Searching for Audio by Sketching Mental Images of Sound: A Brave New Idea for Audio Retrieval in Creative Music Production

We propose a new paradigm for searching for sound by allowing users to graphically sketch their mental representation of sound as query. By conducting interviews with professional music producers and creators, we find that existing, text-based indexing and retrieval methods based on file names and tags to search for sound material in large collections (e.g., sample databases) do not reflect their mental concepts, which are often rooted in the visual domain and hence are far from their actual needs, work practices, and intuition. As a consequence, when creating new music on the basis of existing sounds, the process of finding these sounds is cumbersome and breaks their work flow by being forced to resort to browsing the collection.
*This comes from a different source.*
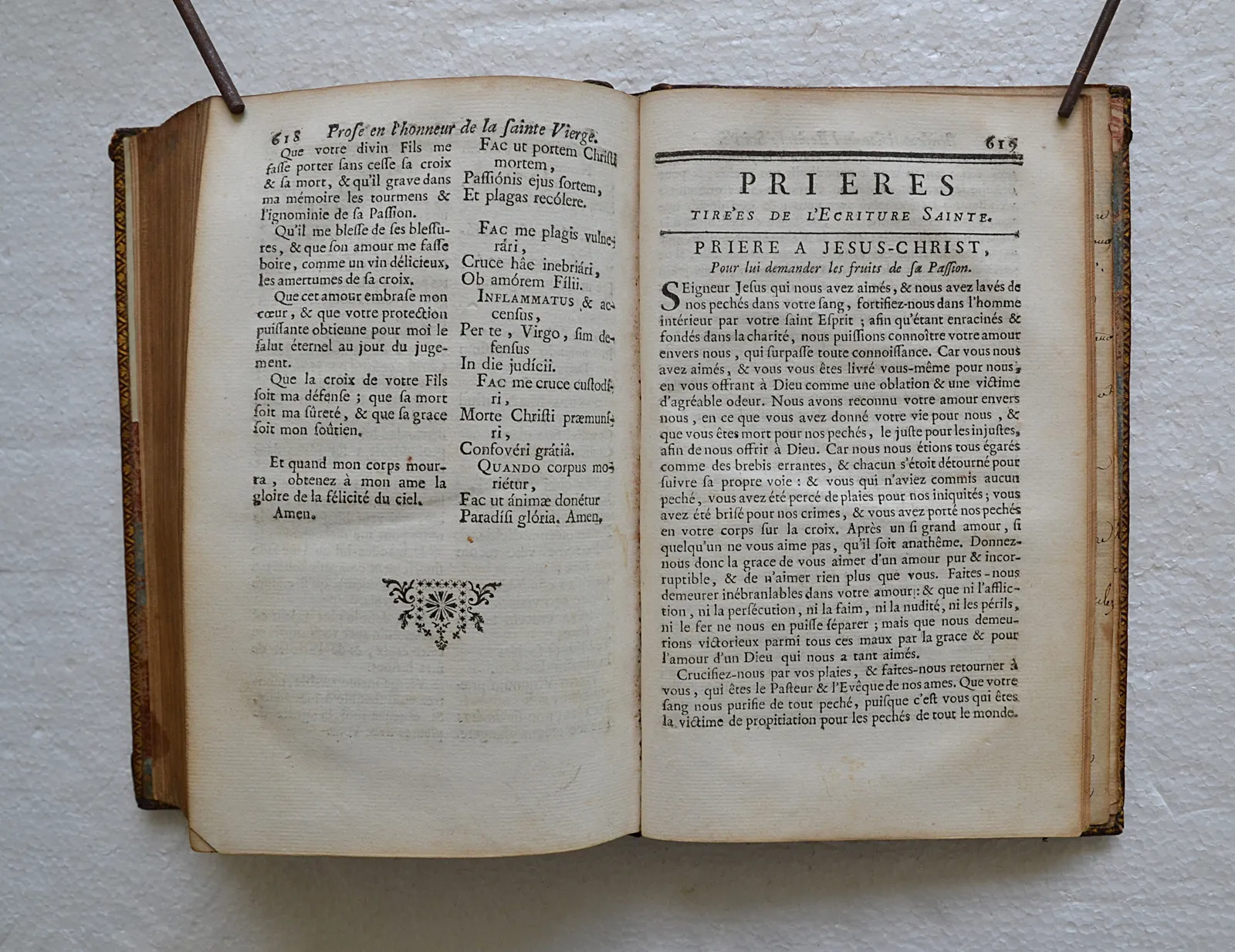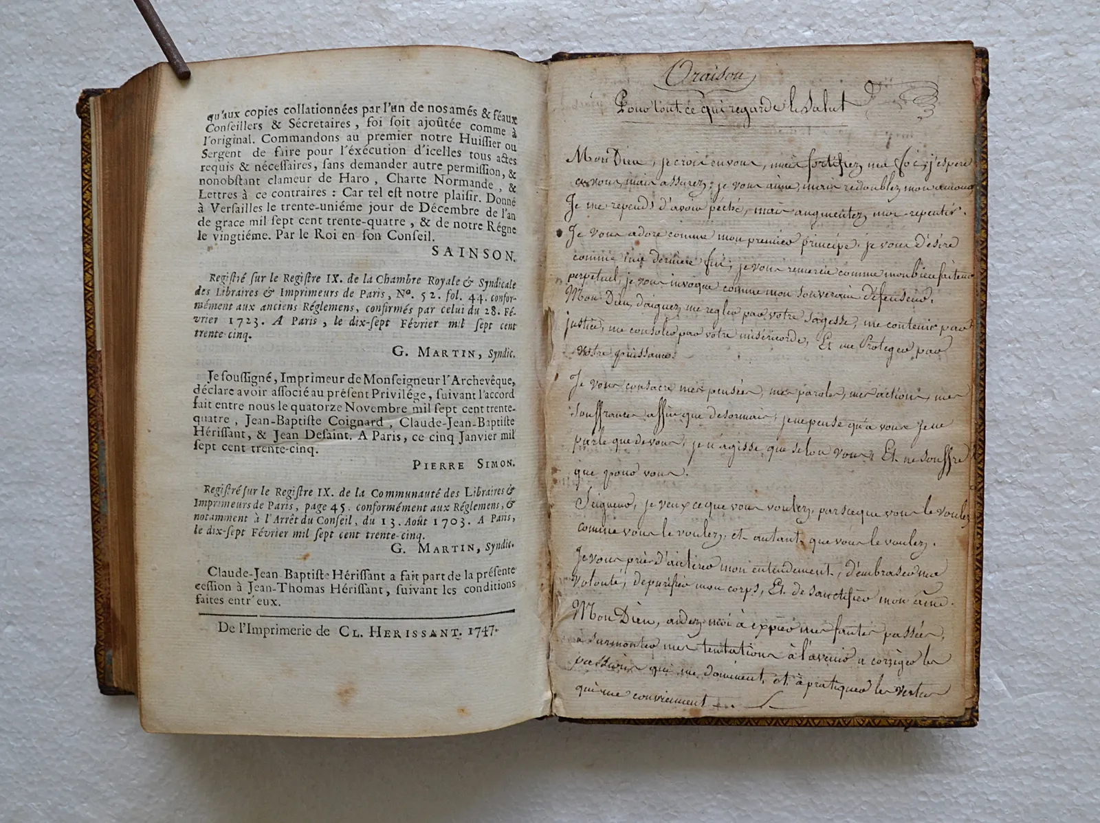 Oraisons manuscrites datées du 8 juillet 1818 sur les trois derniers feuillets blancs.

Prior work on organizing sound repositories aiming at bridging this conceptual gap between sound and vision builds upon psychological findings (often alluding to synaesthetic phenomena) or makes use of ad-hoc, technology-driven mappings. These methods foremost aim at visualizing the contents of collections or individual sounds and, again, facilitating browsing therein. For the purpose of indexing and querying, such methods have not been applied yet. We argue that the development of a search system that allows for visual queries to audio collections is desired by users and should inform and drive future research in audio retrieval. To explore this notion, we test the idea of a sketch interface with music producers in a semi-structured interview process by making use of a physical non-functional prototype. Based on the outcomes of this study, we propose a conceptual software prototype for visually querying sound repositories using image manipulation metaphors.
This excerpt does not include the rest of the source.